Today was a pretty nice day so me and the girlfriend decided to go to Busch Gardens. I brought the camera along for some pictures, and I thought I would go ahead and share them here on GP.

Enjoy!

Mods I wasnt sure if this needed to go under pics and videos, if it needs to be moved please do so.


----------



## Notnice (Oct 20, 2009)

dude I havent been there in yearz, like 10 or more
the picks look great man, what kind of camera?


----------



## Black Label Romo (Oct 15, 2009)

Hey...great pictures thanks for sharing em with us!!!


----------



## Jaz's dad (Aug 12, 2009)

Great photos there buddy.
Love busch gardens, been there 3 times and probably go back there in a couple of years time.


----------



## CraziNate (Oct 15, 2009)

Notnice said:


> dude I havent been there in yearz, like 10 or more
> the picks look great man, what kind of camera?


Thanks everyone, its a Nikon D3000. I have been there countless times and it has started to get boring lol. I live about 15min away. Yesterday I only went to take pictures since I havent taken the camera there since I got it.


----------



## performanceknls (Apr 4, 2009)

Those are great pictures and what a nice camera! looks like you guys had fun! I know I would have


----------



## StaffyDaddy (Mar 28, 2009)

Dude those are great! I really like the orangutan shot! LOL


----------



## meganc66 (Mar 6, 2009)

i really like the flamingo shots and the tiger shots! gimme yo camera!


----------



## CraziNate (Oct 15, 2009)

Thanks everyone for the comments!!! I'll dig through my 300+ pictures I took yesterday and see what else I think is post worthy. This was my first time shooting anything like this. I'm pretty much a complete noob to photography.



meganc66 said:


> i really like the flamingo shots and the tiger shots! gimme yo camera!
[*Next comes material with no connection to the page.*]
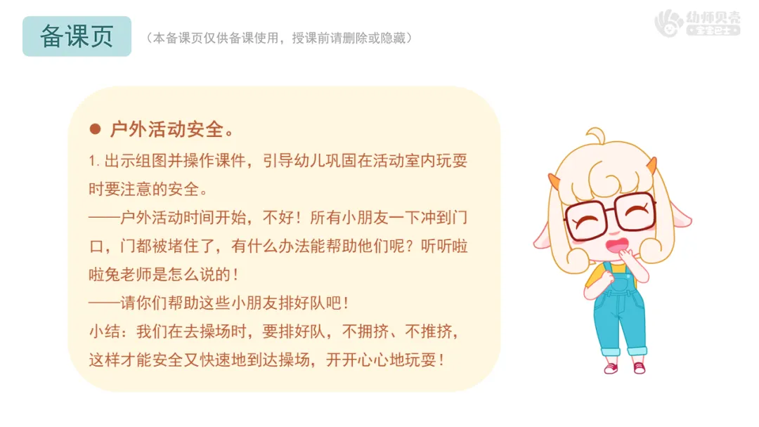 小结:我们在去操场时,要排好队,不拥挤、不推挤,这样才能安全又快速地到达操场,开开心心地玩耍!

You can have the camera for $600!!!!! J/k I would not give it up for the world!! Alteast until I have the money for a better camera!


----------



## meganc66 (Mar 6, 2009)

if your a n00b then im a SUPER N00B! 
but i still want the camera  

heehee! i will give you NOTHIN for it  i will just force you to hand it over.
that is all.


----------



## CraziNate (Oct 15, 2009)

meganc66 said:


> if your a n00b then im a SUPER N00B!
> but i still want the camera
> 
> heehee! i will give you NOTHIN for it  i will just force you to hand it over.
> that is all.


NEVAR!!!!!!

Plus your like a million miles away!


----------



## Lex's Guardian (Aug 8, 2009)

That's where I wanna go next weekend since my b-day's the 9th... Ack! I feel old  - Or universal, we'll see.


----------